Star Trek: The Q Continuum is an omnibus edition of a three novel miniseries written by Greg Cox, based on the television series Star Trek: The Next Generation. The novels explore the history of the multi-dimensional being Q prior to his introduction in the 1987 episode "Encounter at Farpoint". The Science Fiction Book Club released a similar edition with a different cover in 1998, also titled The Q Continuum.

The edition is part of the Star Trek: Signature Edition (2003–04) series, published by Pocket Books. Included, is an interview of Cox by Kevin Dilmore.

== Production ==
The Q Continuum trilogy was conceived by John J. Ordover at Pocket Books. Cox lamented he was uncertain he had "nine-hundred pages" in him when offered the project. He accepted the task after rewatching all the episodes featuring Q.

Cox said, in Voyages of Imagination (2006), the poetry included in the novels was written by Karen Palinko. Several printings included a facsimile signature from the author.

The edition includes Q-Space, Q-Zone, and Q-Strike, which were originally published as The Next Generation, Books 47 – 49.

== Plot summary ==
A Betazoid scientist, Lem Faal, claims to have found a way to penetrate the Galactic Barrier. The Enterprise is sent to offer aid. They return to Delta Vega, where Gary Mitchell was transformed in a god-like being after exposure radiation from the barrier in "Where No Man Has Gone Before". After gaining an understanding of Faal's technology, Capt. Picard orders the Enterprise to the barrier. Q appears, warning Picard and Faal against breaking the barrier.

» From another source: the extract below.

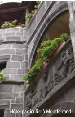
Hôtel particulier à Montferrand

Tous les mercredis, du 12 juillet au 16 août inclus, dégustation de fromages offerte par l'Association des Fromages AOP d'Auvergne.

When asked why they should stop, Q takes Picard on a journey to the distant past—a young Q's distant past. With Riker in command, the Enterprise is attacked by the Calamarain, non-corporeal lifeforms introduced in the episode "Deja Q". Faal plots to complete his barrier breaking test, regardless of the consequences, eager to make his mark on the Universe.

While on his journey with Q, Picard discovers the truth: the barrier was constructed to protect the galaxy from a malevolent, near-omnipotent, entity known as 0. The entity had remorselessly ravaged several worlds 600,000 years prior. It had also tortured the Calamarain, almost compressing them all into a single point, before being stopped by the young Q.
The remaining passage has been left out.